($BAC) Bank of America Repays TARP Fund in Full
Bank of America Corporation (BAC) said on Wednesday that it has repaid the entire $45 billion of bailout money it received from the government for its participation in the Troubled Asset Relief Program (TARP) at the height of the credit crisis last year and after its purchase of Merrill Lynch & Co. earlier this year.
The repayment of TARP money followed BofA’s recent completion of a $19.29 billion securities offering. BofA funded the repayment through a combination of cash from its corporate fund and the sale of securities. The securities shall be converted into common stock.
The move will free the bank from government involvement in its affairs and pay restrictions, even though Treasury will hold BofA warrants.

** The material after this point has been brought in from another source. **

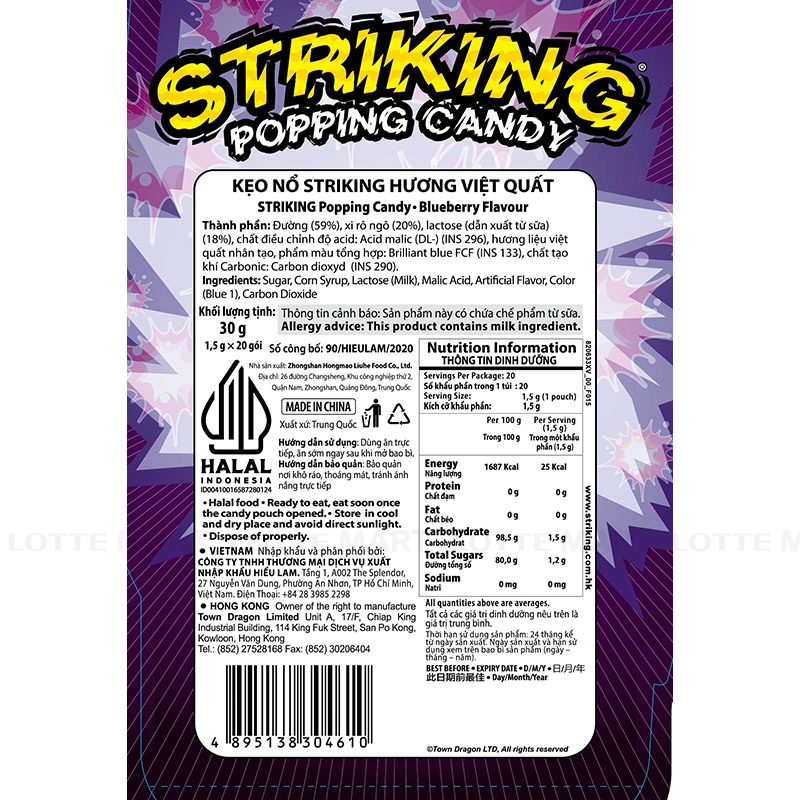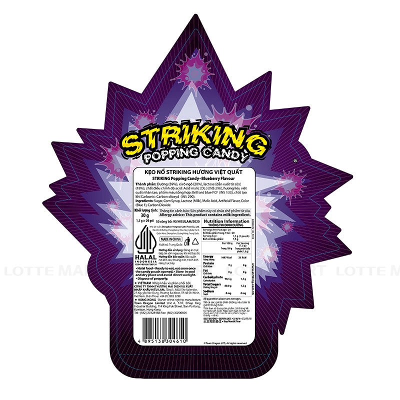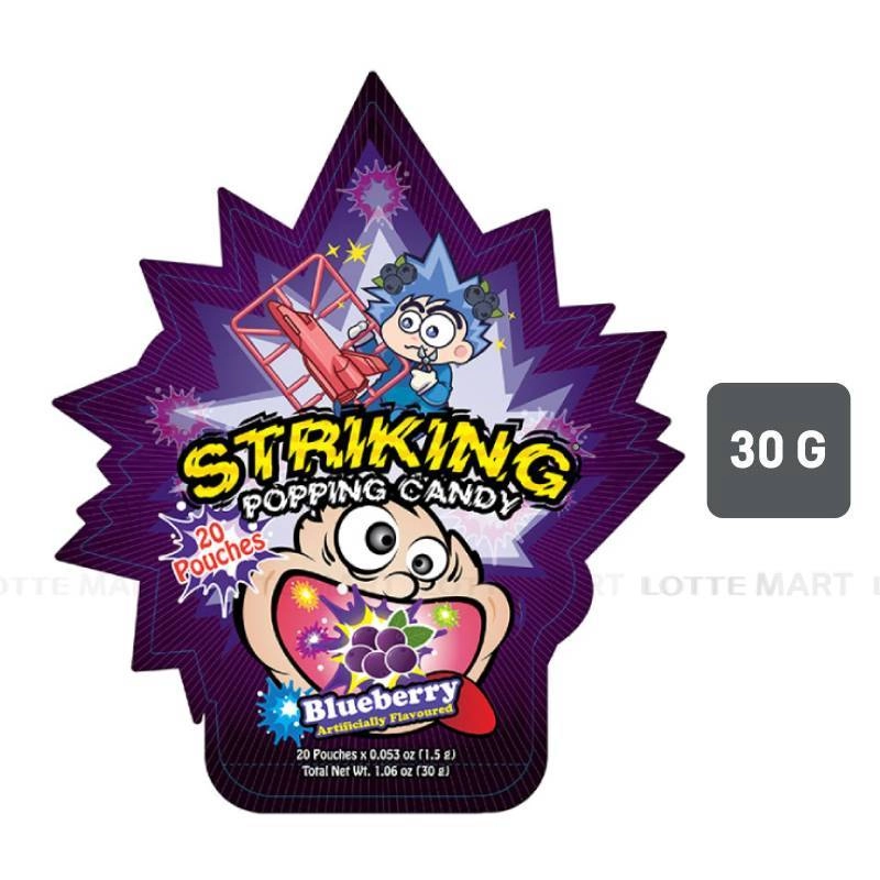 - Kẹo Nổ Striking Việt Quất 30G là một trong những loại kẹo yêu thích của các bé và đôi khi là cả người lớn, những tiếng nổ bôm nốp vui miệng cùng hương vị chua chua ngọt ngọt là đáng nhớ hơn hết.

Also, the TARP repayment will make it easier for the bank to recruit a new chief executive to replace outgoing CEO Ken Lewis.
Initially, BofA received $25 billion as part of the bailouts. Then the bank received an additional $20 billion in January 2009 after its acquisition of Merrill Lynch, which had billions of dollars in losses not anticipated by BofA.
BofA’s pay back of TARP money has increased repayment pressure on Citigroup (C) and Wells Fargo & Company (WFC) which have also received bailout money from the government.
Some large financial firms that have already repaid government funds are JPMorgan Chase & Company (JPM), Morgan Stanley (MS), Bank of New York Mellon Corporation (BK), Goldman Sachs (GS), U.S. Bancorp (USB), American Express Company (AXP), BB&T Corporation (BBT) and State Street Corporation (STT).
With BofA’s payment, the total amount of TARP money repaid so far totals $116 billion. The Treasury expects a total of $175 billion of TARP repayment by the end of 2010.
The repayment of TARP money can be viewed as a sign of recovery of the institutions as well as the economy. The Government intends to use the repaid TARP funds to create new jobs and cut the nation’s fiscal deficit. Also, the full repayment of government money has enabled these firms to protect their executive compensation packages. Restrictions on pay rules as a result of absorbing government money were a major competitive disadvantage for these firms in retaining talented employees.